Entah pukul berapa, aku terbangun saat mendengar suara dering ponsel milikku. Aku masih mengantuk karena baru tidur sekitar jam 11 malam karena belajar geografi untuk ulangan besok. Dengan posisi masih telungkup, kusapu tanganku kesana-kemari mencari ponselku dan menemukannya di antara dua kakiku. Dengan kesadaran yang belum kembali sepenuhnya, kutenggerkan ponselku ke telingaku.
"Halo? Selamat malam, ini Iqbaal ada yang perlu dibanting?" ocehku.

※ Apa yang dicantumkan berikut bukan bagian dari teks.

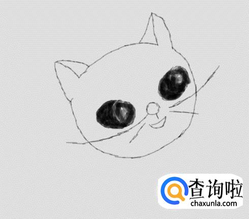 再在猫的头部上画出猫的两只眼睛,如图所示:

"Hihi," terdengar suara cekikikan yang sontak membuatku membuka kelopak mataku.
Itu suara Redha bukan mbak kunti. Walau rada mirip tapi lebih ngeri kalau Redha yang ketawa. Entah kenapa, mungkin karena aku belum denger suara mbak kunti secara langsung, cuma tahu tiruannya dari acara tv. Tapi aku nggak ngarep ketemu juga sih. Bahaya. Walau lebih bahaya ketemu Redha yang lagi PMS.
"Baal," panggilnya membuat lamunanku buyar.

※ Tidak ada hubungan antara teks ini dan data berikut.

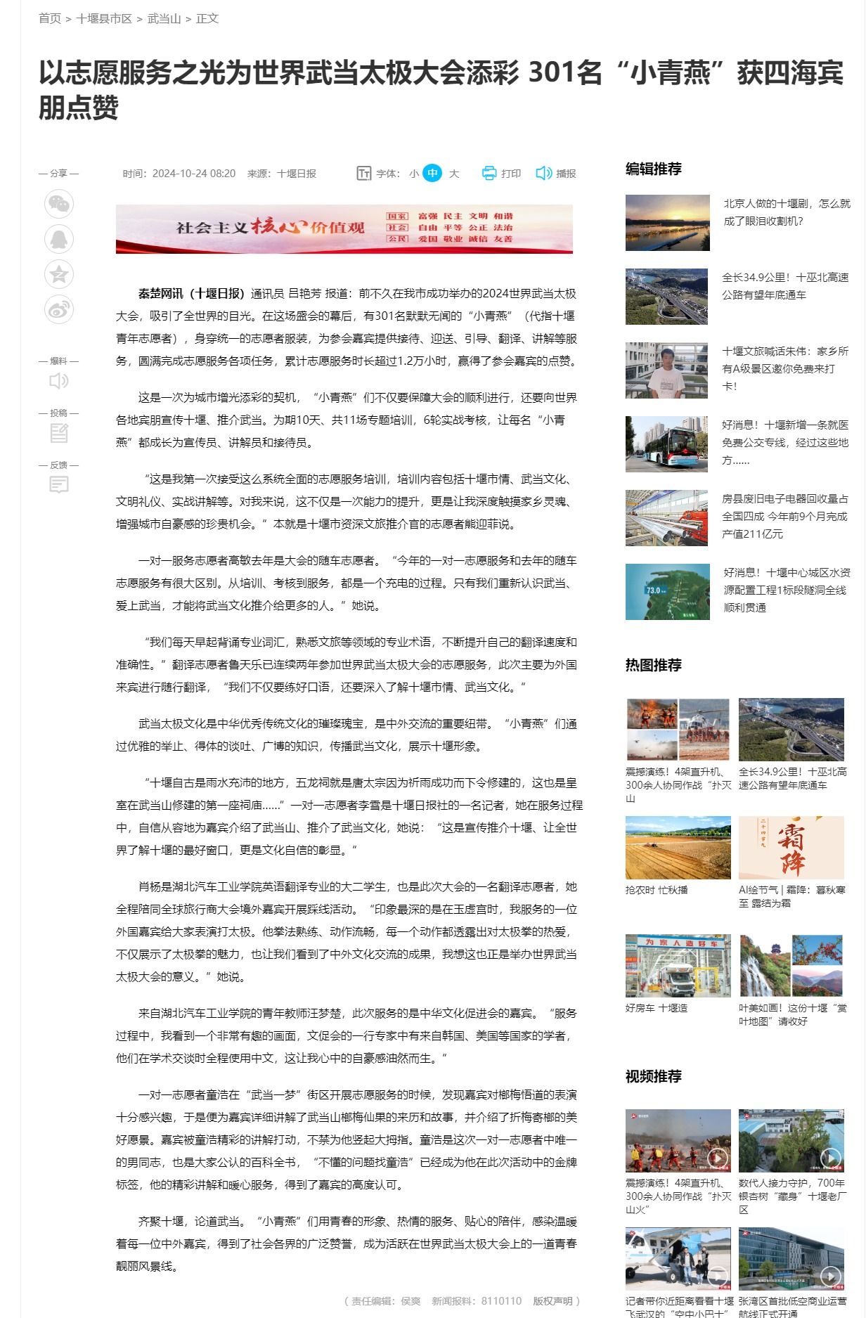 【十堰日报】以志愿服务之光为世界武当太极大会添彩301名“小青燕”获四海宾朋点赞

"Redha nih?" tanyaku ragu-ragu walau sebenarnya sangat yakin itu dia.
"Iyalah, emang dikira siapa?" tanyanya heran.
"Nggak apa-apa, tumben aja nelpon jam segini." kataku beralasan.
Redha cekikikan lagi setelah mendengar apa yang aku katakan, padahal menurutku kata-kataku barusan nggak ada yang lucu sama sekali.
"Iqbaal, udah tidur ya?" tanyanya dengan nada bicara polos tanpa dosa.
Aku bangun dari tidurku, duduk tegak lalu melirik jam dinding di kamarku. Jam 02.00 wib. Dia gila? Jelas ajalah aku udah tidur.
"Iya, tapi bangun pas Redha nelpon!" jawabku jujur.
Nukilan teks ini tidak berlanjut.